Ação Comunicativa Descomplicada: Filosofia Política de Habermas

Ação Comunicativa Descomplicada: Filosofia Política de Habermas

Olá, marujos! Hoje, explicaremos a Teoria da Ação Comunicativa de Habermas de uma forma descomplicada. Após apresentar o filósofo, mostraremos os problemas sociais que motivaram sua pesquisa. Depois, explicaremos diversos conceitos elaborados pelo filósofo para compreender como são e como deveriam ser as relações sociais: razão comunicativa, mundo da vida, sistema, e colonização do mundo da vida. Darei exemplos reais e hipotéticos para ajudar a compreensão. Vamos lá!

Sobre o Filósofo

Jürgen Habermas nasceu na cidade de Düsseldorf, Alemanha em 18 de junho de 1929. É um filósofo e sociólogo pertencente ao grupo chamado Escola de Frankfurt.

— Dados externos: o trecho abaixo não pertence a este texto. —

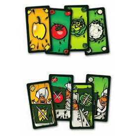 The 128 cards – 120 vegetable cards in the four types and eight "taboo" vegetable cards, two of each type that bear cockroaches – are shuffled and divided among the players. On a turn, a player plays the top card from his deck onto the central pile of cards, naming the vegetable as he plays it, e.g., "Pepper!" – except in the following situations:
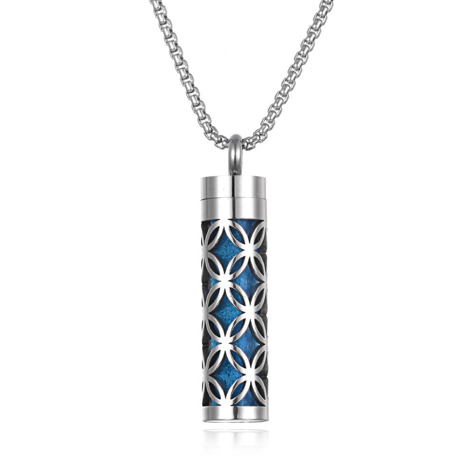 Vintage Stainless Steel Cylindrical Corrugated Pattern Essential Oil Diffuser Necklace Link Chain Perfume Aromatherapy Accessory

Habermas se destaca por ter uma visão “interparadigmática”, incorporando e superando teorias de diferentes filósofos e sociólogos de diversas escolas de pensamento.

Já aposentado do cargo de professor universitário, ainda produz reflexões importantes para tentar compreender a sociedade contemporânea e buscar soluções para os seus dilemas.

Atualmente, pesquisa o cosmopolitismo político no âmbito da União Europeia. 

Ação Comunicativa Descomplicada: Problemas da Sociedade Contemporânea

Habermas observa, tal como observou Weber, Adorno e Horkheimer, que a sociedade contemporânea “transformou” o ideal iluminista em uma ideologia de dominação de seres humanos sobre seres humanos, através de uma razão instrumental, que se utiliza da ciência para legitimar seu poder.

Por causa disso, temos uma sociedade “controlada” pelo dinheiro e pelo poder. A economia e a burocracia ditam as regras na sociedade, influenciando todas as decisões tomadas, tanto no âmbito público quanto privado das relações sociais.

O expoente máximo disso seria o modelo de Estado de Bem-Estar Social. Uma forma encontrada pelo capitalismo de lidar com as crises do próprio sistema capitalista. Nesse modelo, o mercado continua livre, permitindo suas desigualdades sociais; porém, o Estado fica intervindo constantemente para diminuir o impacto negativo disso. Para tal, ele precisa burocratizar ainda mais a sociedade para conseguir controlar e contornar os problemas sociais causados.

O problema desse modelo é a transformação de todos os cidadãos em seres genéricos. Leis são criadas de forma abstrata, sem levar em consideração a realidade concreta das pessoas envolvidas.

Por exemplo, a criação e aplicação de leis contra roubos tem dificuldade de punir e responsabilizar corretamente quem rouba um litro de leite do mercado para alimentar os filhos, quem rouba um celular de um pedestre para vender e quem desvia dinheiro público em uma compra superfaturada.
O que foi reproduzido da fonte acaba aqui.